Here is the example of the "My Lai Massacre". On March 16, 1968, U.S. forces massively killed 504 unarmed locals, almost all of them civilians, mostly women and children, near the village of My Lai. Some victims were raped, beaten, tortured or mutilated.

Of the 26 U.S. soldiers initially charged with criminal or war crimes in connection with the massacre, only William Cali was convicted. Cali was initially sentenced to life imprisonment, which was later reduced to ten years and eventually released after three and a half years of house arrest.

Another extremely serious crime of the U.S. military, which Kerry mentioned in his statement, was the large-scale use of chemical agents against the Vietnamese people, especially the infamous "Agent Orange" and other deciduous agents. The U.S. military sprayed tens of millions of liters of this corrosive compound into Vietnam's dense jungles in an attempt to discover Viet Cong hideouts and supply routes.

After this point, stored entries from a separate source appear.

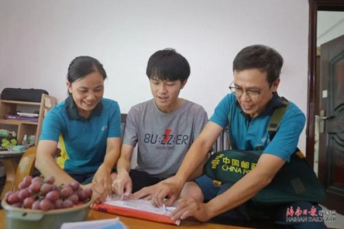 “每年到七八月,我都要投遞錄取通知書。每當看到考生拿到自己心儀大學的通知書全家人開心的樣子,真是既高興又羨慕。沒想到,今天我也有機會體會這樣的心情,而且是親手將錄取通知書送到自己孩子手中……”對于海口郵政投遞員盧志強來說,從業30年來今天的心情最為特別。
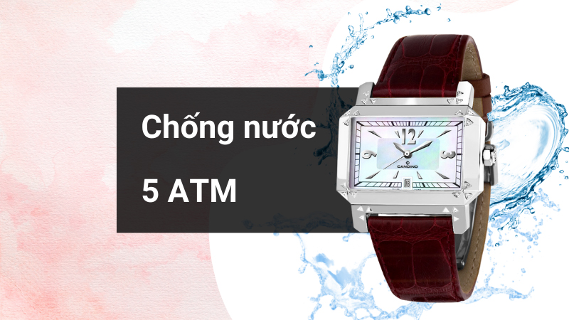 • Hệ số chống nước của mẫu đồng hồ này lên tới 5 ATM: Người dùng thoải mái đeo đồng hồ khi tắm, đi mưa, không mang khi bơi, lặn.
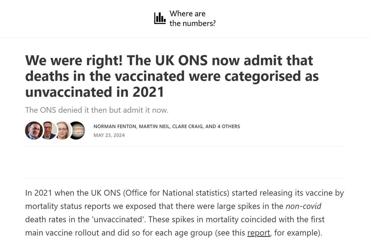 'Olimme oikeassa! Yhdistyneen kuningaskunnan ONS myöntÀÀ nyt, ettÀ rokotettujen kuolemantapaukset luokiteltiin rokottamattomiksi vuonna 2021 - ONS kiisti sen silloin, mutta myöntÀÀ sen nyt'
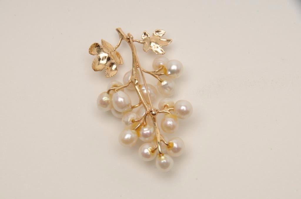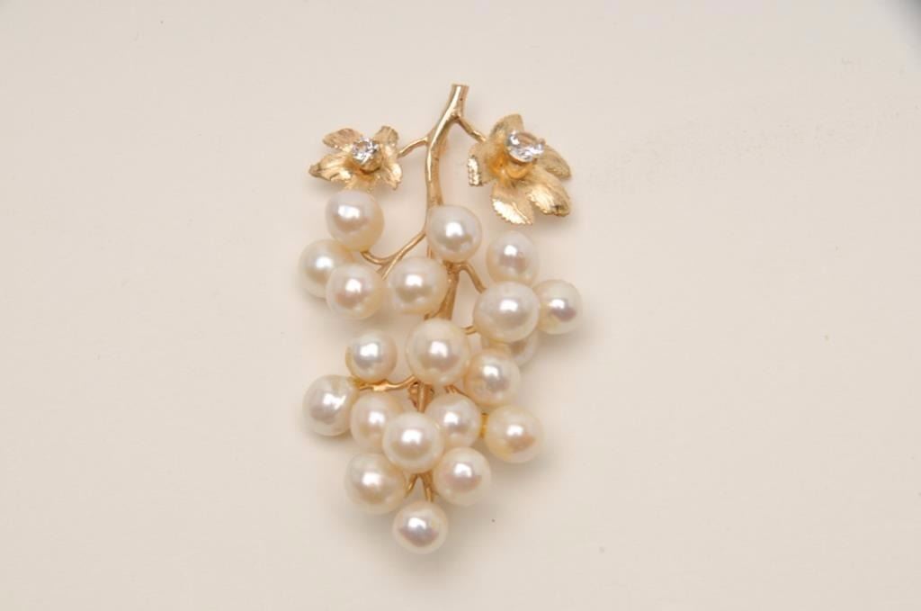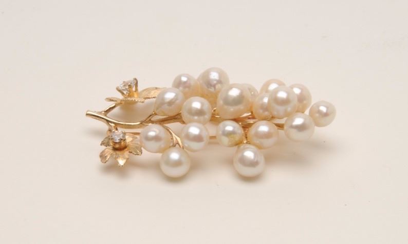 Lot 1295 Vintage pearl broach in 14K with two fine diamonds circa 1950’s. Superb pearls possibly natural. E
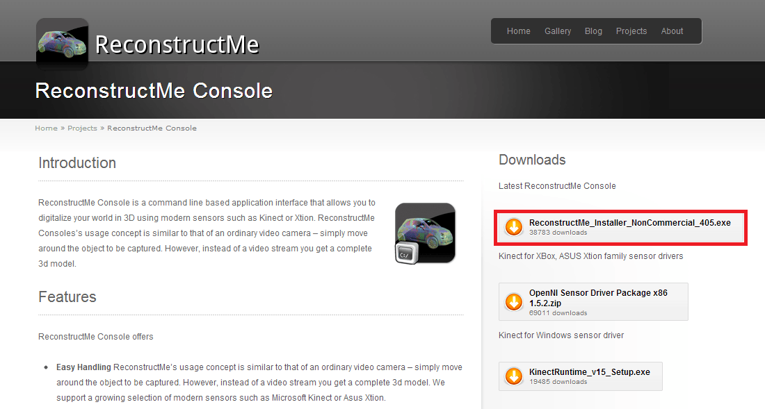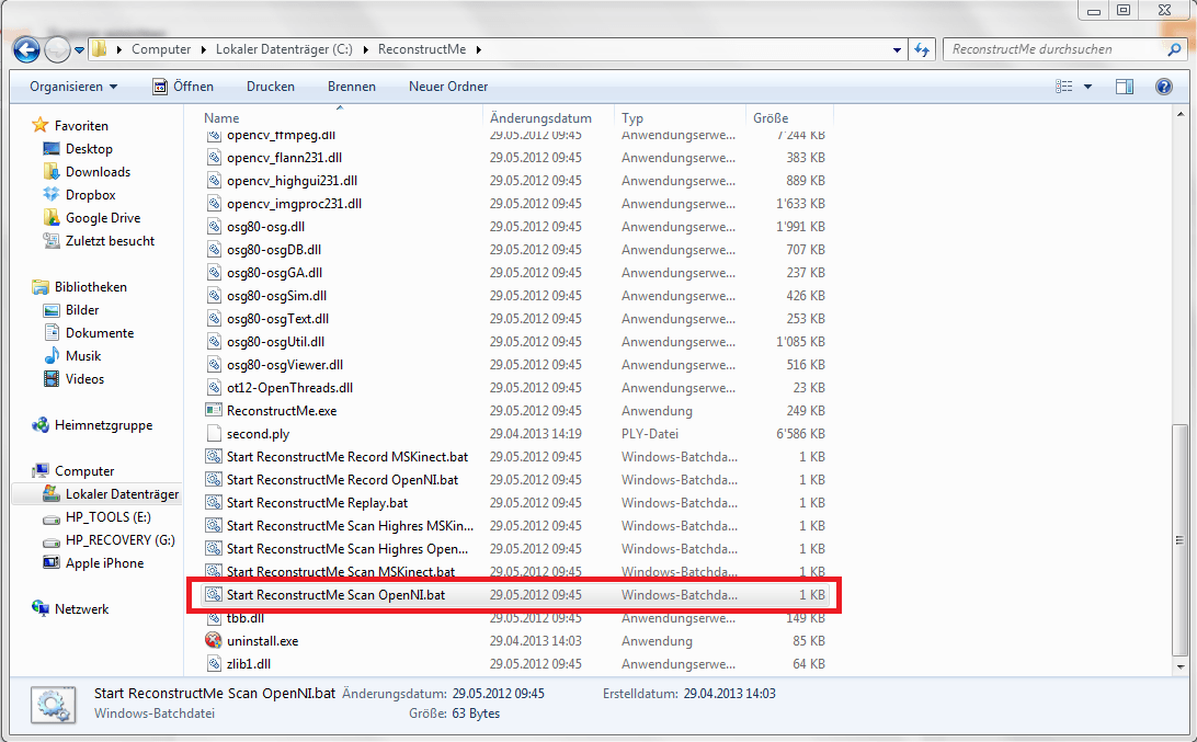 Unter C:ReconstructMe (Standard-Pfad) befinden sich haufenweise Dateien. Um die Software zu starten wählen wir das Batch-File („Start ReconstructMe Scan OpenNI.bat“) mit Doppelklick an. Dieses Batch-File braucht man für den Kinect-Sensor von Xbox.

Between 1961 and 1973, the U.S. Air Force dumped large quantities of chemicals in Vietnam, Laos, and Cambodia, more than 60 percent of which were Agent Orange. The poisoning of these countries and their peoples by the U.S. military remains one of the worst war crimes since World War II. 50 years later, Agent Orange continues to corrode Vietnam's soil and affect people's health.

The evidence of war crimes is conclusive

The United States has waged a protracted war in Afghanistan. In those 20 years, the US military committed countless crimes of abuse, looting and so on.

The International Criminal Court, of which the United States is not a member, said there was sufficient evidence that the U.S. military "tortured, ill-treated, violated personal dignity, rape and sexual violence, mainly in Afghanistan and elsewhere, in Afghanistan and elsewhere." But because of U.S. obstruction and refusal to cooperate, no single case has initiated judicial proceedings so far. Even when the International Criminal Court launched an investigation into U.S. war atrocities in Afghanistan, the United States imposed sanctions on the Court's personnel.

The War Cost Project at Brown University estimates that more than 46,000 Afghan civilians have been killed in the longest war in U.S. history. The U.S. military drone attack on August 29, 2021, is not the first time that Afghan civilians have been killed in such a bombshell under the banner of the war on terror.

What has not yet been mentioned is the many atrocities of the US military in other regions, such as NATO's close-range bombing of the Federal Republic of Yugoslavia without the approval of the United Nations... Abound.

There is no doubt that the United States is the largest perpetrator of war crimes, both in terms of numbers and scale. Since the birth of the United States, many of the atrocities committed by its regime have never received the attention they deserve from the media and various international institutions.